# Task directions:
Leave the pictures out, and repeat exactly every line from the one with "Frente a Marcos" through the end of the data below.

[Information provided — start]

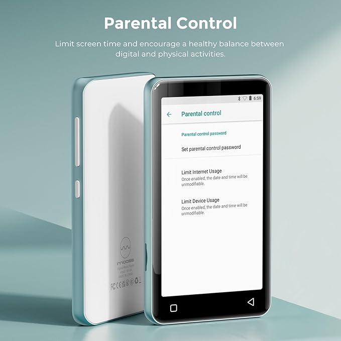 • Set up parental controls: The music player doesn't allow the installation of additional apps, which helps prevent kids from accessing inappropriate content. You can also uninstall any pre-installed apps you don’t want your kids to use, and set a reset lock to prevent the device from being restored. Additionally, you can limit the duration of both internet and player usage.
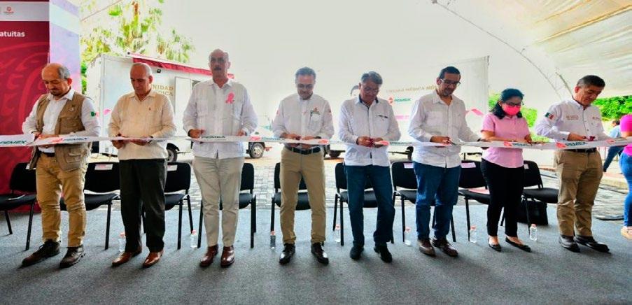 Frente a Marcos Herrería Alamina, di rector Corporativo de Administración y Servi cios, y Ángel Cid Mun guía, director general de Pemex, Exploración y Producción, el titular de la empresa petrolera, Octavio Romero resaltó que esta actividad forma parte de las acciones de responsabilidad social destinadas a mejorar la cobertura de los servi cios de salud en las co munidades marginadas de Tabasco.
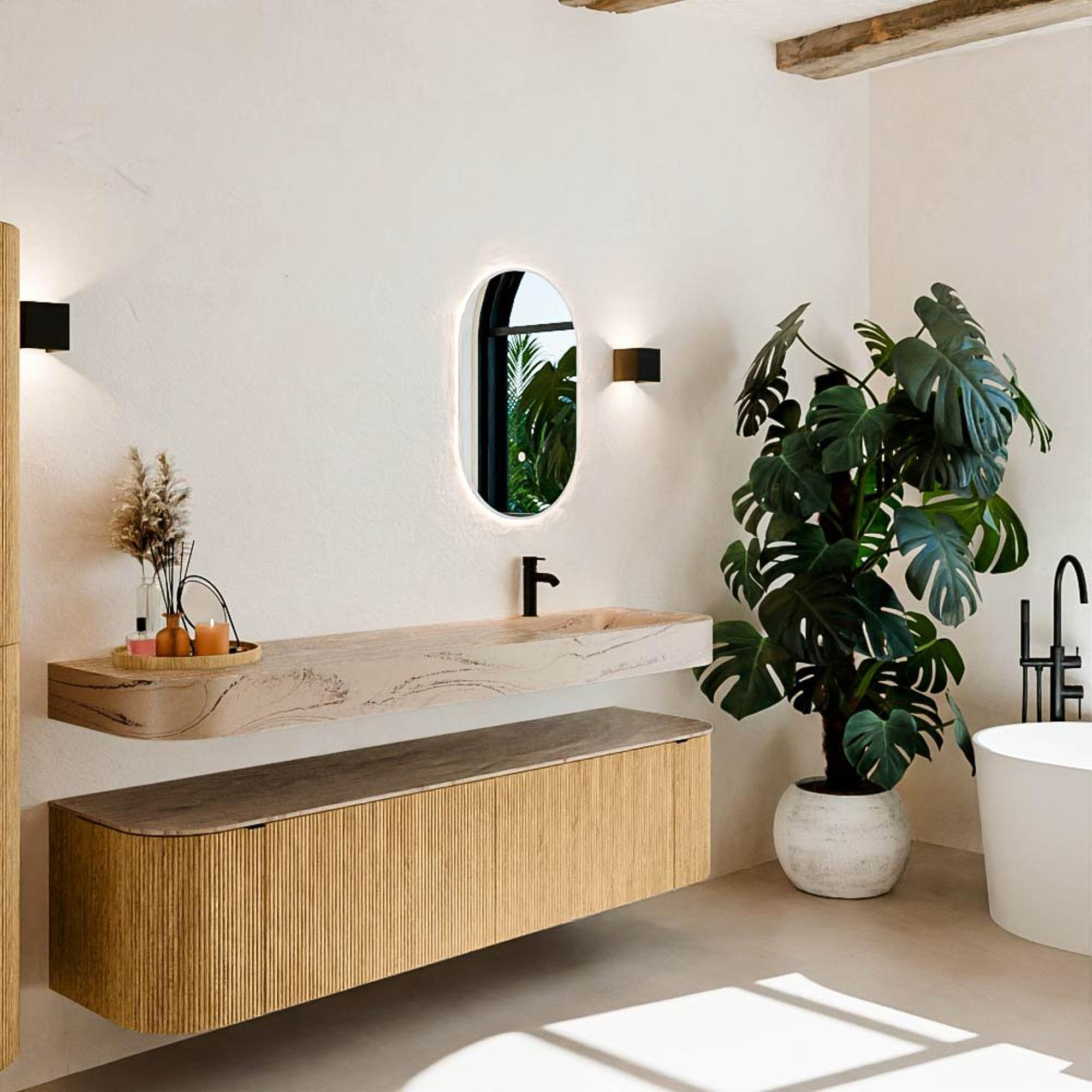 Natuurlijke materialen in warme tinten. De verticale ribbels brengen ritme en textuur in het ontwerp, terwijl het eikenhout zorgt voor een warme, ambachtelijke uitstraling. Kies uit 5 houttinten OAK, WALNUT, DUSK, SHADOW en RUBY zorgvuldig geselecteerde houtkleuren om zowel moderne als klassieke badkamers te verrijken.

[Information provided — finish]

# Answer to the exercise:
 Frente a Marcos Herrería Alamina, di rector Corporativo de Administración y Servi cios, y Ángel Cid Mun guía, director general de Pemex, Exploración y Producción, el titular de la empresa petrolera, Octavio Romero resaltó que esta actividad forma parte de las acciones de responsabilidad social destinadas a mejorar la cobertura de los servi cios de salud en las co munidades marginadas de Tabasco.
 Natuurlijke materialen in warme tinten. De verticale ribbels brengen ritme en textuur in het ontwerp, terwijl het eikenhout zorgt voor een warme, ambachtelijke uitstraling. Kies uit 5 houttinten OAK, WALNUT, DUSK, SHADOW en RUBY zorgvuldig geselecteerde houtkleuren om zowel moderne als klassieke badkamers te verrijken.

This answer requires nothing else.